Thursday, December 01, 2016 @ 7:00 PM  

Appeal by the plaintiff, D-Line Holdings, from a chambers judgment that permitted the defendant solicitors to amend their statement of defence. The defendants represented the plaintiff on the sale of its construction business to a third party purchaser. The December 2010 agreement contemplated payment of the $1.7 million purchase price over time, secured by a general security agreement. The security agreement was not registered until May 2011. During the ensuing period, other creditors filed security in priority to the plaintiff. In September 2011, the purchaser went into bankruptcy. The plaintiff alleged the non-registration of the security agreement in a timely manner failed to protect the balance of the unpaid purchase price. The plaintiff sought damages for negligence, breach of contract, and breach of professional duties. The defendants pled the plaintiff suffered no losses. Following discovery, the defendants sought to amend their defence to state that the plaintiff had overvalued their business by $1.3 million. A Master denied the proposed amendment. A chambers judge set aside the Master’s decision and allowed the amendment. The plaintiff appealed.

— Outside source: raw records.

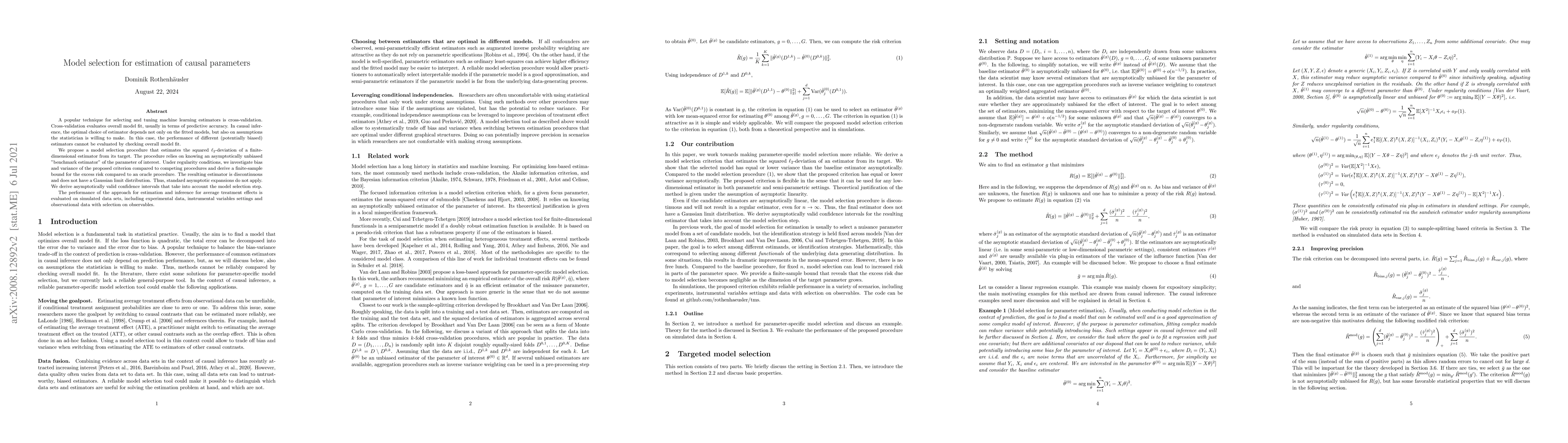 A new model selection procedure is proposed to estimate causal parameters, taking into account assumptions made by the statistician, and its performance is evaluated on simulated data sets, including experimental and observational data.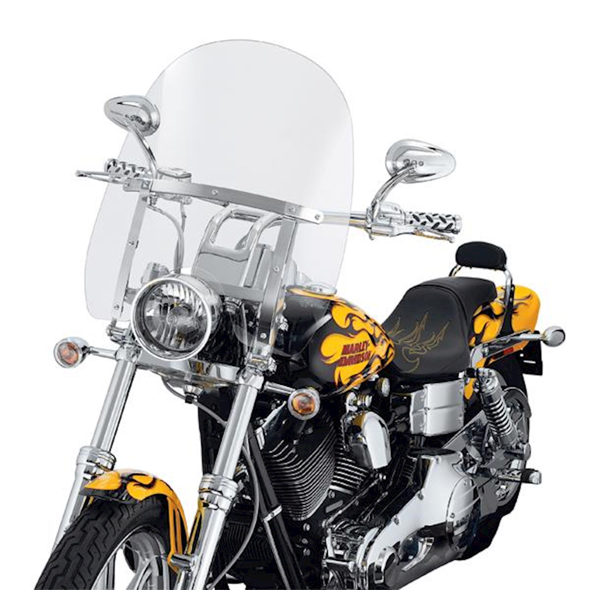 Combine the classic Harley-Davidson® windshield shape with a revolutionary new attachment system and you have the best of style and function. The windshield mounts to the fork tubes with elegant die-cast lever-release clamps, so the windshield does not require any "leave-behind" docking hardware. You get quick on-and-off convenience and a clean, custom look. No tools are required and the kit includes everything needed to install the windshield. The tough, hard-coated polycarbonate windshield is available in your choice of traditional polished or gloss black horizontal and vertical braces. Fits '93-'05 FXDWG and '86-later FXST, FXSTC and FXSTB models.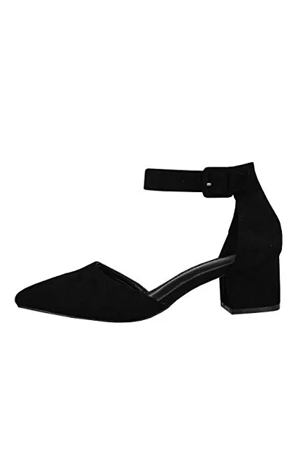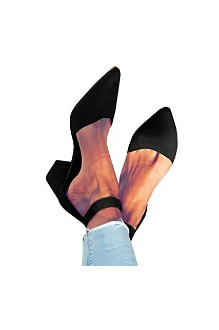 - Features: Chunky Low Heel, Scalloped Strap, Ankle Buckle, Pointed Toe, Cut out, D'orsay Shoes for Women.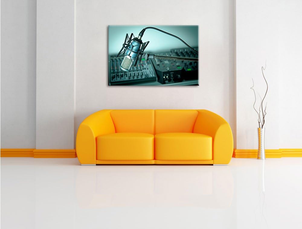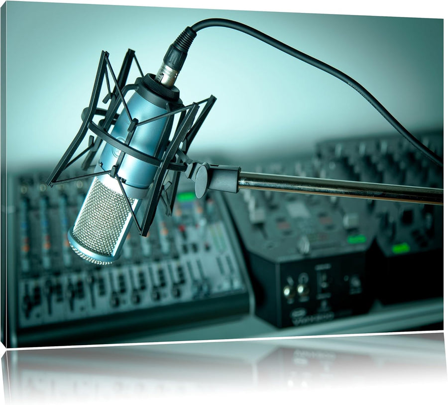 Mikrofon mit Musikanlagen, Format: 100x70 auf Leinwand, XXL riesige Bilder fertig gerahmt mit Keilra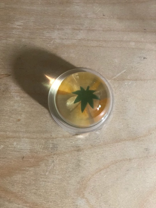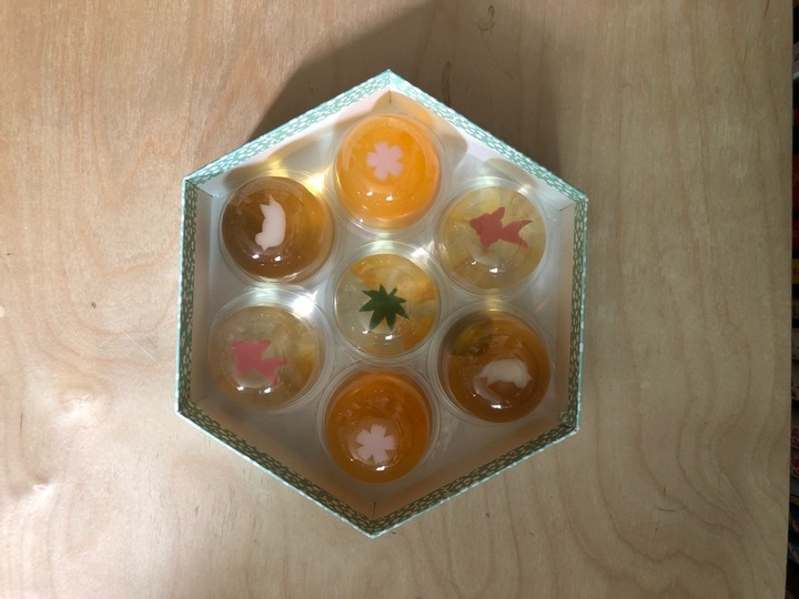 서울 가이드 답례로 젤리를 받았다. 3개는 귤껍질 같은 것이 들어있고 2개는 매실, 2개는 말린 살구가 들어있다. 비닐을 따면 물이 조금 흐를 수 있다. 젤리는 혀로 무너뜨릴 수 있을 만큼 부드럽다.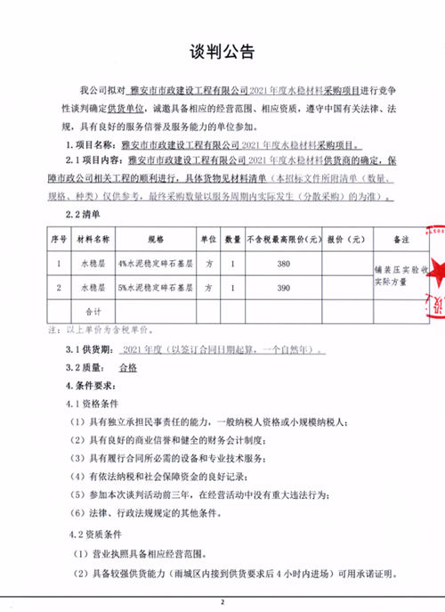 雅安市市政建設(shè)工程有限公司2021年度水穩(wěn)材料采購(gòu)項(xiàng)目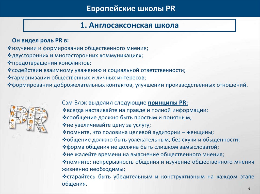 Сэм Блэк выделил следующие принципы PR: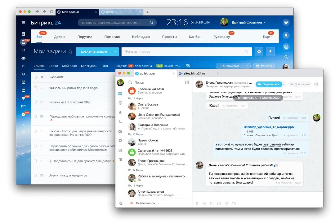 Битрикс24 - это место, где каждый может общаться, совместно работать над задачами и проектами, управлять клиентами и делать гораздо больше.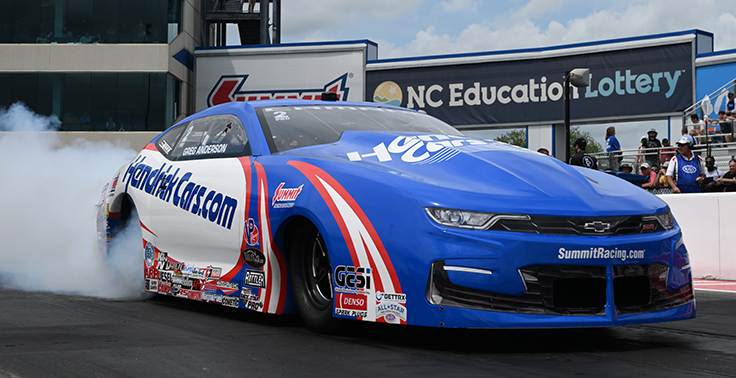 Pro Stock’s Greg Anderson finished as the No. 1 qualifier on the strength of Friday’s run of 6.500 at 210.90 in his HendrickCars.com Chevrolet Camaro, but Saturday certainly featured plenty of other headlines. His qualifying run in the third session – as part of the Mission #2Fast2Tasty NHRA Challenge – was disqualified due to a technical violation after bypassing a safety device. It eliminated that pass and took Anderson out of the specialty event, as his replacement, Erica Enders, went on to win the Challenge.

HELD: Appeal dismissed. The defendants’ evidence was sufficient to support the proposed amendments. Although the defendants’ evidence was hearsay, the plaintiff was not prejudiced by the amendments, as it was aware of the allegation of the overvaluation from another proceeding. The amendments were not caught by the exception to the general rule prohibiting hopeless amendments. To the extent that the amendment raised a defence that proved to be hopeless, such determination was best left for trial and was otherwise compensable via a costs award. There was no basis for appellate interference with the chambers judge’s discretionary decision to allow the amendment.